Molecular Carcinogenesis, 2013, 52(9):715-25.

Endocrine Disrupting Chemicals Promote the Growth of Ovarian Cancer Cells via the ER-CXCL12-CXCR4 Signaling Axis

Julie M. Hall, Kenneth S. Korach

College of Pharmacy and Health Sciences, Campbell University, Buies Creek, NC 27506, USA.

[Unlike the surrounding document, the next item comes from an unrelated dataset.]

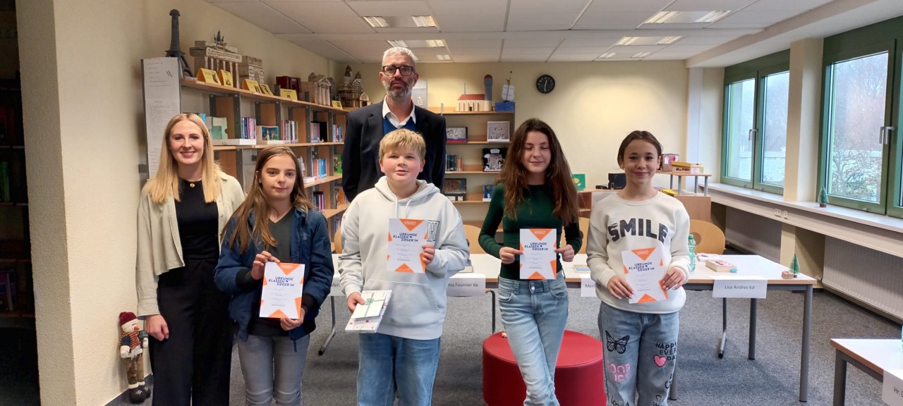 Wie jedes Jahr beim Vorlesewettbewerb wurde unsere Schulbibliothek zu einem ganz besonderen Ort: gemütlich dekoriert, erfüllt von Plätzchenduft und voller gespannter Sechstklässler, die ihre Klassensiegerinnen und -sieger kräftig unterstützten. Unsere Vorleser Ole Kiefer (6a), Sophia Fournier (6b), Merlin Dienemann (6c) und Lisa Andres (6d) eröffneten den Wettbewerb mit ihren selbstgewählten Texten. Es war ein Vergnügen zuzuhören und im Stress der Vorweihnachtszeit ein wunderbarer Moment des Abtauchens in andere Welten.

The majority of ovarian cancers over-express the estrogen receptor (ERα) and grow in response to estrogens. We previously demonstrated that ER induction of the chemokine CXCL12 (stromal cell-derived factor-1) is required for estradiol (E2)-stimulated proliferation of human ovarian carcinoma cells. In the current study, we report that known "endocrine disrupting chemicals" (EDCs) display mitogenic activities in ovarian cancer cells via their ability to activate the ER and upregulate CXCL12 expression. Notably, the EDCs genistein, bisphenol A and HPTE stimulated both cell proliferation and induction of CXCL12 mRNA and protein in a manner comparable to estradiol. The effects were completely attenuated by the ER antagonist ICI 182,780, revealing that observed activities of these agents were receptor-mediated. In cell proliferation assays, the mitogenic effects of estradiol and EDCs were obviated by siRNAs targeting CXCL12 and restored upon addition of exogenous CXCL12. Furthermore, an inhibitor to the CXCL12 receptor CXCR4 completely attenuated growth-stimulatory effects of E2 and EDCs. These studies highlight a potential role of EDCs possessing estrogenic activities in the etiology of ovarian cancer. Moreover, they suggest that the ER-CXCL12-CXCR4 signaling axis may represent a promising target for development of therapeutics for ER+ ovarian cancers.

美国《分子癌变》，2012年9月

环境内分泌激素通过 ER-CXCL12- CXCR4 信号通道干扰了化学促进卵巢癌的细胞生长

朱莉 M 霍尔，肯尼斯 S. 科尔施

美国坎贝尔大学药物和健康科学学院

卵巢癌绝大多数过度表达雌激素受体 （e α） 并在对雌激素的响应中成长。先前我们表明了雌二醇 (E2)-刺激人类卵巢癌细胞增殖需要趋化因子 CXCL12 (基质细胞衍生因子-1) 的ER 诱导。在当前的研究中，我们报道了，已知的"内分泌扰乱化学物质"(EDCs) 在卵巢癌细胞中通过激活 ER 并上调 CXCL12 的表达表现出有丝分裂活性。值得注意的是，环境内分泌干扰物金雀异黄素，双酚 A 和HPTE以媲美雌二醇的方式刺激细胞增殖并诱导 CXCL12 的mRNA 和蛋白。ER 拮抗剂ICI 182,780完全衰减了这些作用，揭示了这些试剂的观测活性由受体介导。在细胞增殖试剂中，雌二醇和内分泌干扰物的有丝分裂作用被siRNA 靶向CXCL12去除并通过外源性 CXCL12还原后。此外，一种抑制 CXCL12 受体 的CXCR4 完全衰减了 E2 和内分泌干扰物的生长刺激作用。这些研究强调了具有雌激素活性的环境内分泌干扰物在卵巢癌病理学中的潜在作用。此外，他们认为 ER-CXCL12-CXCR4 信号通道可能代表了ER + 卵巢癌的潜在治疗靶点。